January 19, 2000

Locked out: Life's cruel twist of fate

By GARRETT LEIVA
Herald editor
      Rare as they are, life has those moments when you can actually hear the rushing sound of fate before it cuffs you with a backhand slap to the head. It also sounds just like a car door slamming when the keys are in the ignition.
      Locking yourself out of your own vehicle is one of life's crueler moments. Where the planets align in a synapse of realization not unlike the look on Gregory Peck's face when he finds the mark of the beast and not dandruff on Damion's scalp.
      Personally, I can't help smiling.
      Now I could kick the tires or sob uncontrollably on the hood, but I find bitter irony - well, kind of funny. Of course staring into the window of an idling Jeep to find the heat on full-blast, a dog asleep on the passenger seat, the gas gauge reading a tenth of a gallon and the keys in the ignition - all while you shiver in 20 degree temperatures- makes you incline to crack a wry smile rather than double over from belly laugh induced abdominal cramps.
      Like many previous such catastrophes, my latest locked out episode was self-inflicted. A moment of absentmindedness followed by the perfect clarity of your own stupidity. Even the dog stared at me in disbelief before closing her eyes and falling back asleep.
      Now when it comes to locking yourself out of the car and the keys in it, most would-be drivers typically go through five stages of grieving over their misfortune.
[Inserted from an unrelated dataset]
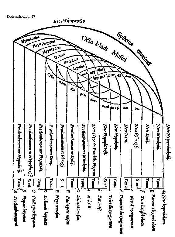 [Dodecachordon, 67; text: [Disdiapason], Systema maximum, Octo Modi Musici, Hypodorius, Hypophrygius, Hypolydius, Dorius, Phrygius, Lydius, mixolydius, Hypermixolydius, Systemata diapente binis modis communia, Nete Hypermixolydij. Nete Mixolydij. Nete Lydij. Nete Pphrygij. Nete Dorij. Nete Hypolydij. Nete Hypophrygij. Nete Hypodorij. Proslambanomene Hypermixolydij. Proslambanomene Mixolydij. Proslambanomene Lydij. Proslambanomene Phrygij. Proslambanomene Dorij. Proslambanomene Hypolydij. Proslambanomene Hypophrygij, Proslambanomene Hypodorij. Tonus, Semitonium, A, B, C, D, E, F, G, a, b, c, d, e, f, g, Aa, Proslambanomene, Hypate hypaton, Parhypate hypaton, Lichanos hypaton, Hypate meson, Parhypate meson, Lichanos meson, [MESE], Parmese, Trite diezeugmenon, Paranete diezeugmenon, Nete diezeugmenon, Trite hyperbolaeon, Paranete hyperbolaeon, Nete hyperbolaeon] [GLADOD2 01GF]

      First there is the denial that you could have pulled such a bone-headed move. You circle the vehicle lifting up each door handle, expecting full well one will swing open. Even when you lift up on the driver's side handle for the twentieth time, a part of you is still stunned that the door won't budge.
      After a few 'doe-in-the-headlight' minutes, however, your blank stare becomes filled with broken blood vessel rage. You rant, you rave, you string together obscenities with tenses that make no sense grammatically. You might even create matching dents in the rear quarter panels.
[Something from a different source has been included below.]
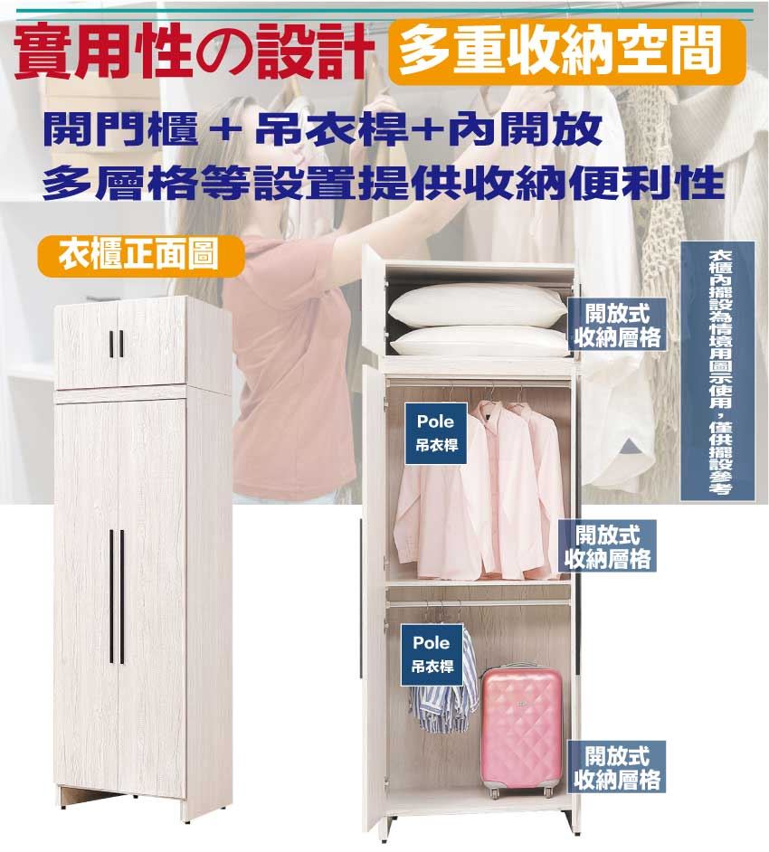 搭配採用開門櫃+吊衣桿+內開放層格等收納空間設計

      Then it hits you - guilt. Especially if you're from the Midwest and you ask someone to pass the salt by first offering an apology. You should have gone to the hardware store and had a spare key made. You should have placed that magnetic key box, with the spare key from the hardware store, under the bumper like your father told you. Then you begin bargaining: 'Please God, just this once let me levitate the car keys through the driver's side window.'
      After your request goes unanswered- standing there in the 24-hour grocery store parking lot- you experience utter depression. For all those lost moments in life, when you watched yourself in NFL slow motion instant replay shut one door of opportunity after another. It is during this epiphany that you fully accept your fate - and the guy from the towing service you called a half-hour ago shows up to jimmy the lock open.
      Now being a man who would rather examine which way the moss grows on a tree before stopping at a gas station to ask for directions, I get hung up on the whole denial thing. Which is why I spent part of last Thursday afternoon in a school parking lot trying to break into my own 1993 Jeep Cherokee with a broken coat hanger. Deep inside the recesses of my cranium, the voice of reason was shouted down by that little voice telling me 'MacGyver' could have built a door key out of this bent wire.
      Luckily, a woman in a nearby minivan took pity on my machismo ineptness and let me use her cellular phone. Fifteen minutes later, with a decimal point of gas and a snoring dog inside the Jeep, my wife pulled up with a smile on her face.
      After a half-hour out in the cold, with a simple turn of a key and in a few seconds I was back in the driver's seat. The dog stood up and stretched before returning to her interrupted nap.
      As I turned down the heater, I swear I still hear the sound of a rushing backhand coming from behind. Although it is probably nothing, I duck my head - just in case.